Rating agency Standard & Poor's Corp. has identified four insurers that it believes distorted their financial statements by using "financial risk reinsurance." In a report released Nov. 16, S&P claims that the financial results of Atlantic Mutual Insurance Co., Argonaut Group Inc., CNA Financial Corp. and Liberty Mutual Insurance Co. were "materially distorted in an accounting context that contrasts with Standard & Poor's perception of the true economics of the transactions."

ACE Limited disclosed on Monday it had received subpoenas from the U.S. Securities and Exchange Commission and the New York Attorney General requesting documents in connection with an investigation into what the company calls nontraditional, or loss mitigation, insurance products.

"The issue is that some clients are suspected of using this type of insurance to transfer losses off their balance sheet or are increasing their capital on an accounting basis under GAAP or under statutory accounting while the economics of these transactions would indicate that appropriate risk transfer and loss absorption have not taken place," S&P writes.
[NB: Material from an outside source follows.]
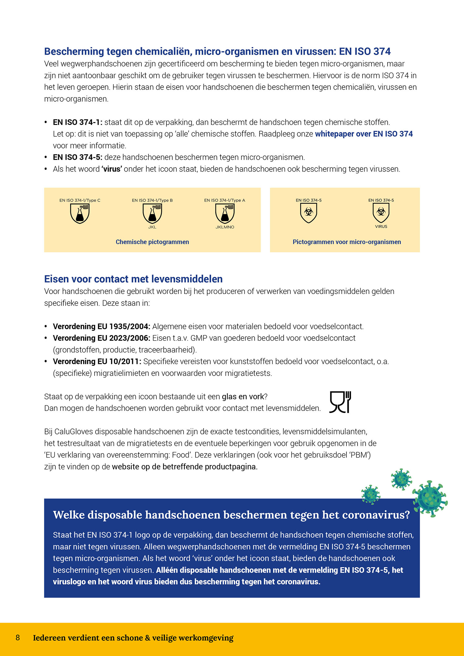 Veel wegwerphandschoenen zijn gecertificeerd om bescherming te bieden tegen micro-organismen, maar zijn niet aantoonbaar geschikt om de gebruiker tegen virussen te beschermen.
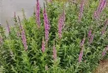 千屈菜是千屈菜科千屈菜属的多年生草本植物;根茎粗壮;叶披针形或宽披针形,无柄;花序簇生,呈聚伞状,花梗及花序梗甚短,花枝似一大型穗状花序,红紫色或淡紫色,苞片宽披针形或三角状卵形;果实为蒴果,扁圆形。…全部>>

"If financial-engineering products are used to smooth earnings or otherwise distort the appearance of financial results of an insurance company or other corporation, these transactions could be considered cause for civil or criminal actions," the report states.

"Those insurance and reinsurance companies that have sold these products--as well as those organizations that brokered such products--are likely to come under investigation," the report states.